#### [PROBLEM TO SOLVE]
Transcribe the whole listing exactly, but do not carry over its pictures.

(DATASET SECTION)

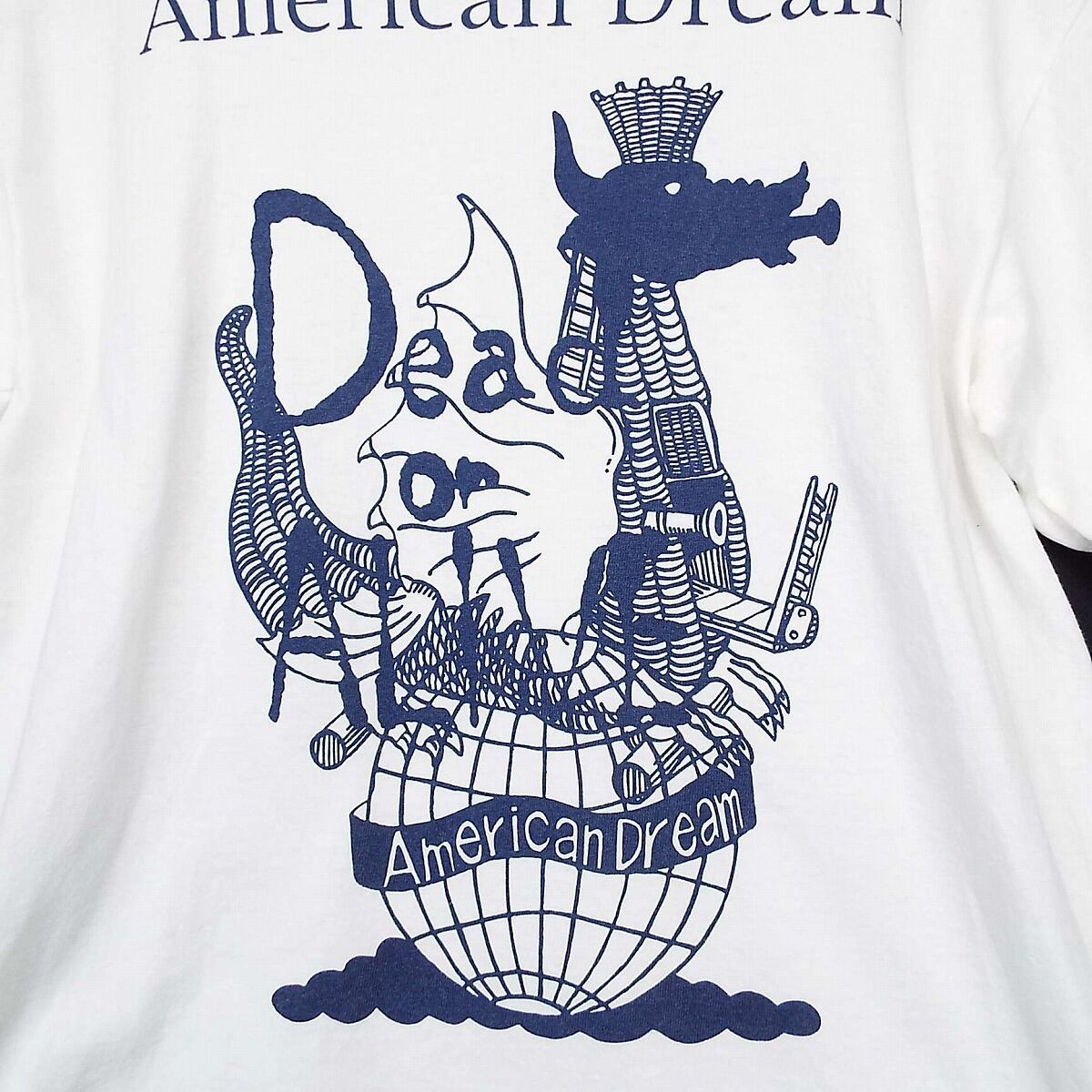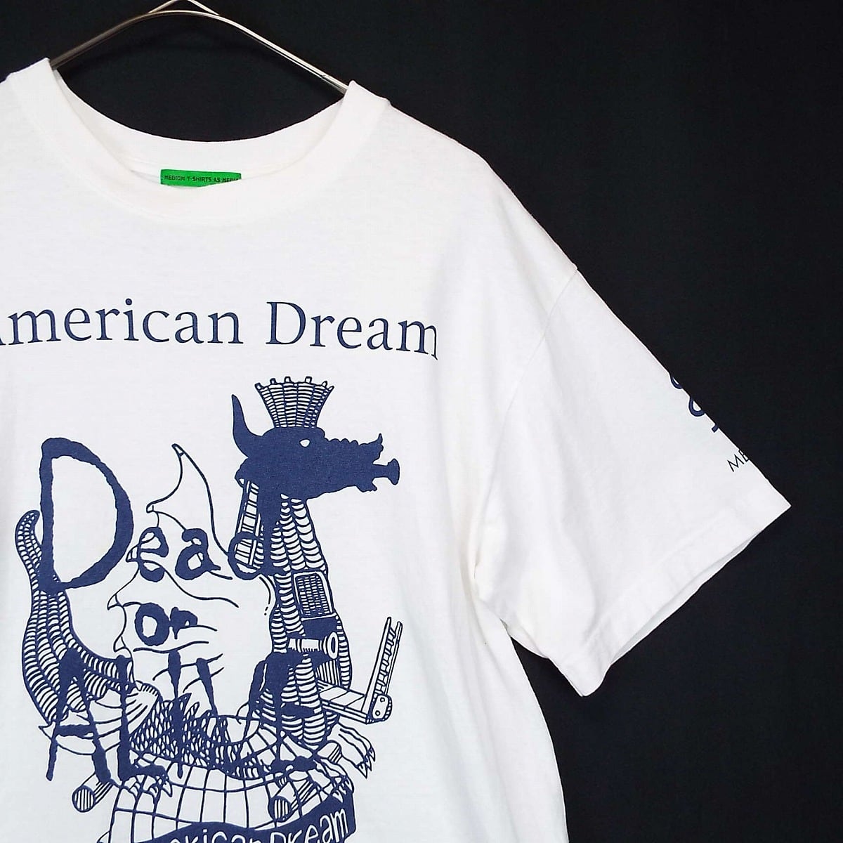 【レアTシャツ】t-SHIRT AS MEDIA american dream グラフィックデザイン 半袖Tシャツ Mサイズ ホワイト コットン100%【湘南倉庫)メンズ古着 4912345012852
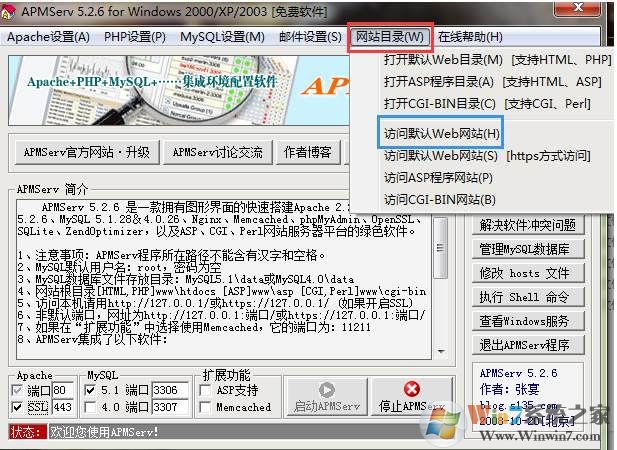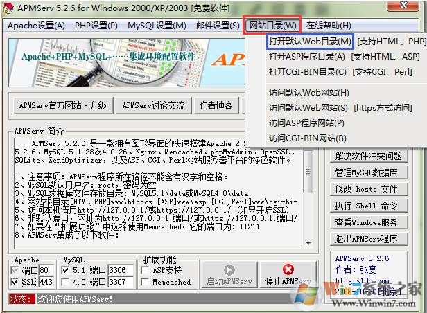 3、双击运行APMserv.exe 打开界面如下,一般会自动启动服务,没有启动的话点击一下下面的启动APMserv,:然后点击网站目录,打开默认Web目录
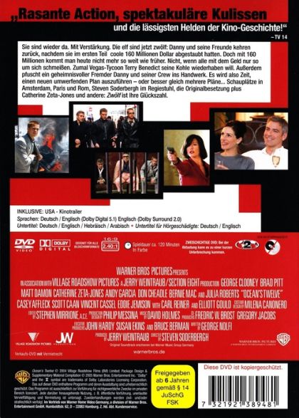 Sie sind wieder da. Mit Verstärkung. Die elf sind jetzt zwölf: Danny und seine Freunde kehren zurück, nachdem sie im ersten Teil coole 160 Millionen Dollar abgestaubt hatten. Doch mit 160 Millionen kommt man heute nicht mehr so weit wie früher. Nicht, wenn alle mit dem Geld nur so um sich schmeißen. Zumal Vegas-Tycoon Terry Benedict seine Kohle wiederhaben will. Außerdem pfuscht ein geheimnisvoller Fremder Danny und seiner Crew ins Handwerk. Es wird also Zeit, einen neuen umwerfenden Plan auszuführen - oder besser gleich mehrere Pläne... Schauplätze in Amsterdam, Paris und Rom, Steven Soderbergh im Regiestuhl, die Originalbesetzung plus Catherine Zeta-Jones und andere: Zwölf ist Ihre Glückszahl.

(End DATASET SECTION)

#### [RESULT OF THIS EXERCISE]
 【レアTシャツ】t-SHIRT AS MEDIA american dream グラフィックデザイン 半袖Tシャツ Mサイズ ホワイト コットン100%【湘南倉庫)メンズ古着 4912345012852
 3、双击运行APMserv.exe 打开界面如下,一般会自动启动服务,没有启动的话点击一下下面的启动APMserv,:然后点击网站目录,打开默认Web目录
 Sie sind wieder da. Mit Verstärkung. Die elf sind jetzt zwölf: Danny und seine Freunde kehren zurück, nachdem sie im ersten Teil coole 160 Millionen Dollar abgestaubt hatten. Doch mit 160 Millionen kommt man heute nicht mehr so weit wie früher. Nicht, wenn alle mit dem Geld nur so um sich schmeißen. Zumal Vegas-Tycoon Terry Benedict seine Kohle wiederhaben will. Außerdem pfuscht ein geheimnisvoller Fremder Danny und seiner Crew ins Handwerk. Es wird also Zeit, einen neuen umwerfenden Plan auszuführen - oder besser gleich mehrere Pläne... Schauplätze in Amsterdam, Paris und Rom, Steven Soderbergh im Regiestuhl, die Originalbesetzung plus Catherine Zeta-Jones und andere: Zwölf ist Ihre Glückszahl.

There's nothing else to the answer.